[INSTRUCTIONS TO FOLLOW] The expected answer is the set of lines in the data below between the line holding "木乃伊和斯股眼睛纹身图片_手臂图腾点刺纹身图案" and the line holding "石垣焼は、石垣ブルーと呼ばれる、青いガラスが特徴の焼き物です。", inclusive, written out exactly.

[THE INPUT]
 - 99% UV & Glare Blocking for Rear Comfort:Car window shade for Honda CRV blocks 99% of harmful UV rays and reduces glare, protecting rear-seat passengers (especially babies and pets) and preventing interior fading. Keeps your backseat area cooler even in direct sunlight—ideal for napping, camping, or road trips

---

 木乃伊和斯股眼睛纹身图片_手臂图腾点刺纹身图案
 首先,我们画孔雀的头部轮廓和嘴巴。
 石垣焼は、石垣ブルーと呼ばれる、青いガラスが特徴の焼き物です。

[TASK RESULT]
 木乃伊和斯股眼睛纹身图片_手臂图腾点刺纹身图案
 首先,我们画孔雀的头部轮廓和嘴巴。
 石垣焼は、石垣ブルーと呼ばれる、青いガラスが特徴の焼き物です。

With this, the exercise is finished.